Я сцепила зубы. Очень хотелось сказать, что он и так сказал более чем достаточно. Мы оба понимали, что я все слышала, и это не подвергалось сомнению. Марсен улыбнулся. Насмехается. Вздрогнула, не сдержалась. Гнев заклокотал лавой. А ведь я очень терпимый, спокойный человек. У меня и кличка (которая мне нравилась, к слову) была Снежная королева. Достал. Достал и довел. Пришлось прикрыть глаза, чтобы не выдавать свое состояние. И вернуть хоть каплю утраченного равновесия.
— Зайдете на кафедру, когда освободитесь.
Это не полноценная сдача, но молодой человек скривился. Понял, заметил, что и я могу укусить. Намек на то, что он проводит свободное время за тем, что перемывает мне кости за спиной, был тонким, но метким. Я улыбнулась. Мягко, смотря на него свысока. Дорогой мальчик, пока ты писал в пеленки, я уже умела рычать не тише горного тролля.

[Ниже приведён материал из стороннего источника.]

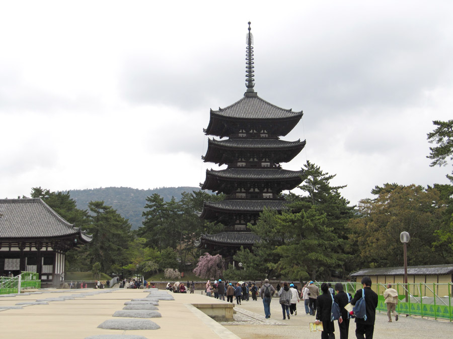Now then... in 710 AD the capital city of Heijo ('citadel of peace') was established as the capital of Japan. This idea was based on China's imperial city, and today Heijo is known as Nara. Below are pictures of the area surrounding the Kofuku-ji temple, and of the enormous five-storey pagoda. Nara is also littered with deer, who, to be honest, are driven only by the desire to eat. I had never encountered deer this close before, and I never realised how dumb they really are. Dumber than cows. And just as stinky.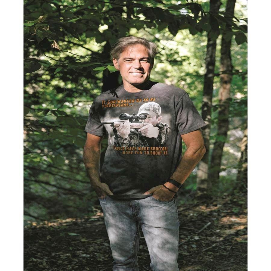 T-shirt med sjov tekst "Hvis Gud havde villet, at vi skulle være vegetarer, havde Han gjort broccoli mere sjovt at skyde efter."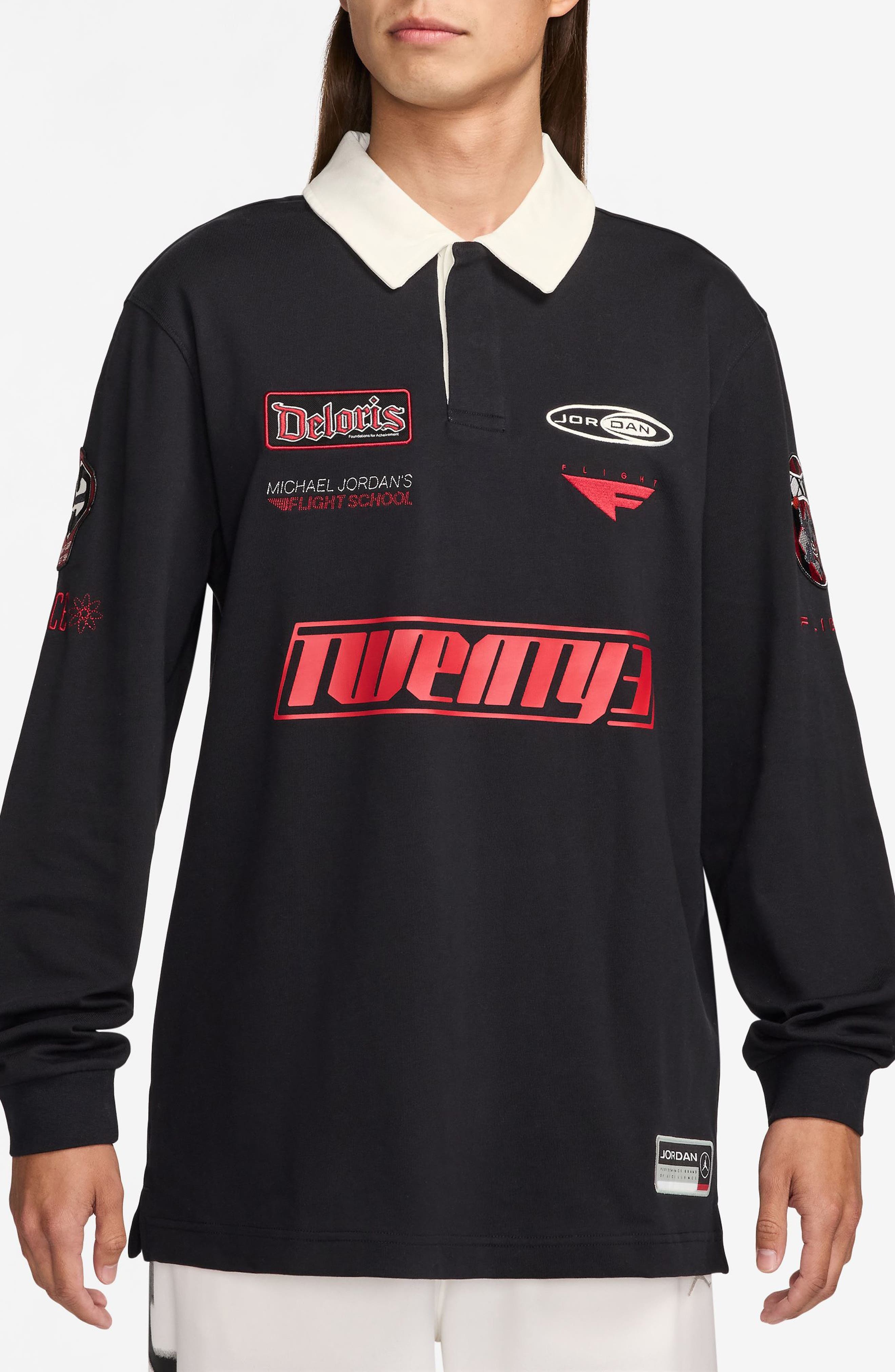 Jordan-inspired logos and patches bring game-winning energy to a rugby shirt that's made of soft cotton and sized with plenty of room to play or relax. Hidden-button half placket Spread collar Long sleeves with banded cuffs 100% cotton Machine wash, dry flat Imported Nordstrom x Nike: A curated lifestyle destination where fashion is the ultimate sport

— Я подойду, леди. — Я сощурила и без того близорукий взгляд. Дважды подряд «леди» — не иначе как намек, что меня не считают профессором. Незаслуженная магистратура? Ой ли? Малыш, я же тебя сожру, не подавлюсь. Пускай я не красавица, пускай я лишена поддержки семьи (семья меня приняла обратно, но вопрос наследства так и повис в воздухе, а сама я поднимать его не стала). Пускай я полнее всех твоих эльфиек и принцесс, толще на десяток сантиметров и тяжелее на десяток — другой килограммов, но зато всего, что заработала, добилась сама, добилась умом и трудом — я тебе горло перегрызу, ты молить меня о пощаде будешь… — Это все, леди Рика, до встречи.
Группа захихикала, девочки отворачивали лица, парни скалились, не стесняясь, пряча лишь глаза, да и то, скорее, чтобы не заржать вслух. Этот… этот… определения для студиуса у меня закончились, а повторяться не хотелось. О, боги, дайте мне сил и терпения! Этот студиус меня опускает, как какую-то секретаршу! Прислугу!

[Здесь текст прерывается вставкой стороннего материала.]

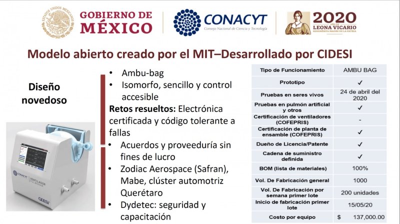 “es un modelo abierto creado por el MIT, pero desarrollado con una serie de retos que se tuvieron que enfrentar puesto que los principios de diseño que liberó el MIT son muy genéricos y no son suficientes como para llegar a tener realmente un prototipo ya funcional. El Centro de Ingeniería y Desarrollo Industrial (Cidesi) es uno de los centros públicos de investigación del Conacyt y en colaboración con algunos otros centros, pero teniendo la coordinación ahí en el Cidesi, es con quien hemos estado trabajando la coordinación de este desarrollo. Se logró ya este prototipo que ya está justo mañana, en colaboración con el doctor Alejandro Alagón, de la UNAM, y un cirujano de animales, veterinario muy bueno, la última prueba que vamos a hacer, que es una prueba en seres vivos, dado que es un modelo todavía de restringido uso médico, como les decía, hay dos, al menos, ya equipos comerciales que se están distribuyendo en España con estos principios de diseño y de ingeniería que están dando muy buenos resultados. Se han hecho pruebas en pulmón artificial y otros mecanismos de prueba para estar seguros que cumple con los requerimientos y lograr la certificación de Cofepris. Ya está sometido todo el expediente y esperamos esta aprobación en las próximas horas, después de haber sometido las pruebas biológicas también, la certificación también de la planta de ensamblaje de Cofepris, en este caso encontramos una alianza realmente muy positiva con una empresa, parte del Grupo Safran, que son empresas aeroespaciales francesas que de manera muy generosa han ofrecido, ya están, empezando las líneas de ensamblaje con base en todos los planes de ingeniería proporcionados por el Cidesi-Conacyt, nada más esperando a tener las últimas pruebas y certificación por parte de Cofepris”.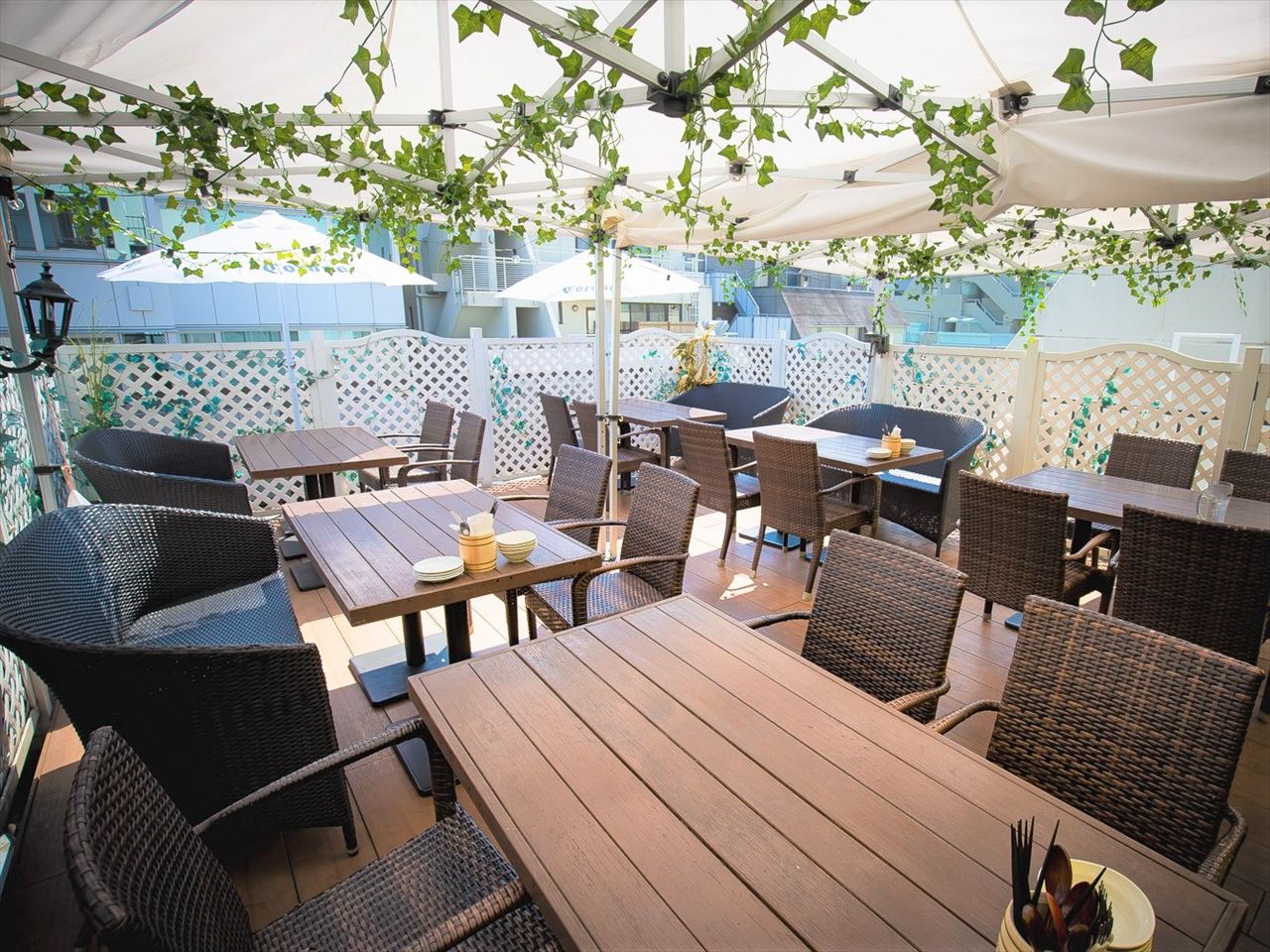 五反田駅からすぐの飲食店が多く集まる通りにあり、通年営業の店内に隣接する広いウッドデッキテラスが会場となっている。屋根付きエリアもあるので梅雨時でも安心。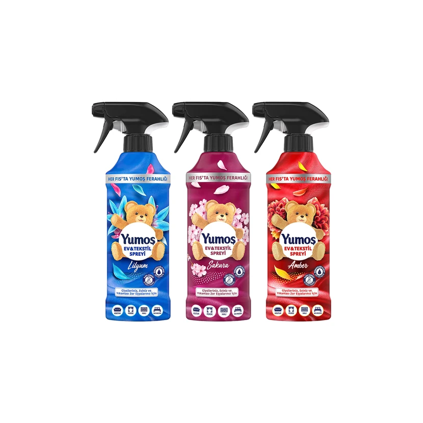 - اسپری یوموش با رایحههای امبر، ساکورا و لیلیوم در اندازه 450 میلیلیتر، برای تازهسازی سریع فضاها و پارچهها طراحی شده و عطری خوش و دلپذیر ارائه میدهد.

Я ухмыльнулась. Мозг мой работать не перестал, потому не менее иронично, я ответила:
— Как скажете, лорд Де Марсен.
Склонив голову в легком поклоне, я удалилась. Вся компания заржала. Смех стоял такой, будто пегасы из конюшен переместились в коридоры университета. Стекла звякнули, а эхо разошлось в самые темные уголки нашей «матери знаний». Если бы в университете водились летучие мыши, они наверняка сейчас бы взвились в высоту и запищали, предвещая беду.
Глава 2. Сыр, туфли и два звонка
Домой я добиралась пешком. Прячась в тени зданий. Потому что для профессора с гордым званием магистр это было из ряда вон. Даже средний класс старался содержать пегаса или, на худой конец, грифона. Но у меня подобного средства передвижения не было. Для дальних поездок я вызывала дракона. А жила я рядом с университетом. Смысл заводить дорогостоящего питомца, когда тебе это, во-первых, ударит по карману. А во-вторых, смотреть «во-первых». Да и негде мне было его держать. Я снимала маленькую, но очень симпатичную квартирку на Грайсвенор-стрит. До работы мне было минут десять пешком. Стоило перейти дорогу, пройтись по Блэнк-авеню, и — вуаля! — я на месте. Содержание же животного обошлось бы мне в половину зарплаты. И пришлось бы снять жилье где-то на окраине города, ближе к кварталу бедных. Перемены в худшую сторону касались бы и условий проживания: такие квартирки были не только маленькими, но и бедно обставленными, с ужасным ремонтом (а то и без него), с минимальными удобствами или без них. Криминальная обстановка таких районов тоже была не в их пользу. Заведи себе там грифона и на следующий день спокойно можешь покупать другого. А если не можешь, то пешком, но уже не пять — десять минут, а часа два-три до работы. Я была девушкой разумной. И сделала разумный выбор. Завела золотую рыбку (которая прожила у меня целых три дня и отдала богам душу) и сняла квартиру на Грайсвенор-стрит.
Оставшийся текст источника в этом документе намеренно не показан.